The second query retrieves 119 matches from all of the historical corpora of English (423,970 tokens) in a little under 3 minutes.
The results of the query need to be reviewed "by hand". They include

Clearly irrelevant

(2)     "Of" clearly heads a complement.
We have voted many qualities to be virtues, now, ___ that they never thought (PP of (IP-PPL calling _t_ virtues formerly.))
(PPCMBE, COLMAN-1805,22.119)

Possibly irrelevant

(3) a.   "Of" clearly heads a complement, but does "against" head a complement or an adjunct?
it's a - in fact - an emergency ___ I never thought (PP of (IP-PPL providing against _t_.))
(PPCMBE, BROUGHAM-1861,30.1115)
b.   Is "which" extracted out of the gerund clause (violating the CED)?
after this he detach'd the Band of Persians called the Immortal Regiment,
which _t_ (IP-PPL meeting with the same Success, Xerxes is said to have leapt three times out of his Throne ... )
(PPCMBE, HIND-1707,310.150)
Or does "which" pied-pipe the gerund clause (vacuously respecting the CED)?
after this he detach'd the Band of Persians called the Immortal Regiment,
which meeting with the same Success , _t_ Xerxes is said to have leapt three times out of his Throne ...

Clearcut examples

(4) a.   by envy of that power or honour, which they have in vain laboured to acquire _t_ ;
(PPCMBE, BURTON-1762,2,22.325)
b.   these Five-and-thirty Articles, which Garde-des-Sceaux is waxing hoarse with reading _t_
(PPCMBE, CARLYLE-1837,1,140.93)
c.   and could not find the Town of Teguantepeque, which they went to seek _t_ .
(PPCMBE, COOKE-1712,1,442.370)
d.   But where is the young Gentlewoman ___ that we came to drink with _t_ :
(PPCMBE, DAVYS-1716,24.38)
e.   and then she repeated over a Catalogue of Names and Titles, many of which we might, perhaps, be guilty of a Breach of Privilege by inserting _t_ .
(PPCMBE, FIELDING-1749,3,11.408)
f.   ... Canning who completed by his death his victory in the country ___ he had been sent to govern _t_
(PPCMBE, TROLLOPE-1882,179.382)
(5)     ... whatever obstacles the small remnant of his followers may assist him in throwing _t_ in the way of Government
(PPCMBE, WOLLASTON-1793,23.184)
(6) a.   a poor Town, call'd Santa Maria, which having taken _t_ , they found nothing but a Parcel of wretched thatch'd Houses.
(PPCMBE, COOKE-1712,1,438.298)
b.   Two raised seats of cushions had been prepared, towards which the Regent waving his hand _t_ , with a very significant look, directed us to be seated.
(PPCMBE, TURNER2-1800,237.123)

Parasitic gaps

A subset of the hits retrieved by the CED violation query contain parasitic gaps - gaps that would ordinarily violate the CED, but that are licensed by a second, ordinary trace. If we wanted to retrieve only parasitic gaps, we could restrict the CED violation query as follows.

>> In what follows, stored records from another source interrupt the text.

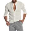 Autumn and Winter V-neck Linen New Cardigan Stand-up Collar Long-sleeved Men's Shirt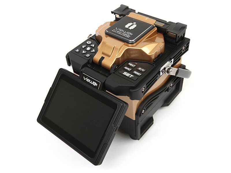 Аппарат сваривает ленты до 12 волокон и позволяет наблюдать их изображение, увеличенное до 250 раз.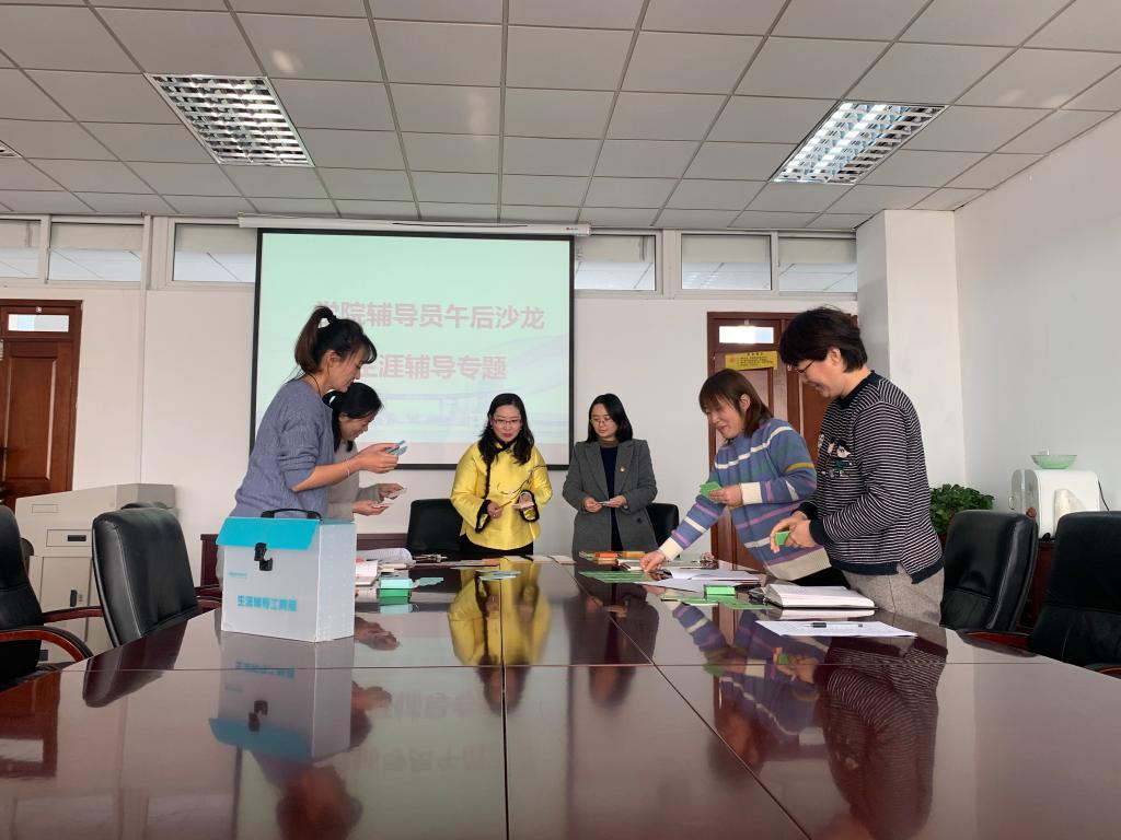 在沙龙现场李慕原带领大家体验了“职业生涯规划分类卡”的使用,通过对所带班级真实典型案例的讨论,模拟了测评和辅导过程。陈苏同志表示,作为辅导员应从树立目标、绕开发展陷阱、把握关键阶段、结交人生导师等方面开展大学生涯规划指导工作。希望各位辅导员老师结合自身兴趣专长,进一步加强学习思考,深入研讨交流,努力提高生涯规划指导能力,更好地指导好大学生的成长发展。

( (CP-QUE (WNP-1 which article)
          (IP-SUB (NP-ACC *T*-1)
                  (DOD did)
                  (NP-SBJ you)
                  (VB file)
                  (PP (P without)
                      (IP-PPL (NP-ACC *T*-1)
                              (VAG reading))))
          (. ?)))

// finds (some) parasitic gaps 
node: CP-*

query:     (CP-* iDoms W*)

       AND (CP-* iDoms IP-SUB)

       AND (IP-SUB iDomsMod PP IP-PPL|IP-INF-PRP)

       // next two lines find the parasitic gap
       // identical to CED query except for indices in square brackets
       AND (IP-PPL|IP-INF-PRP doms [2]\*T*)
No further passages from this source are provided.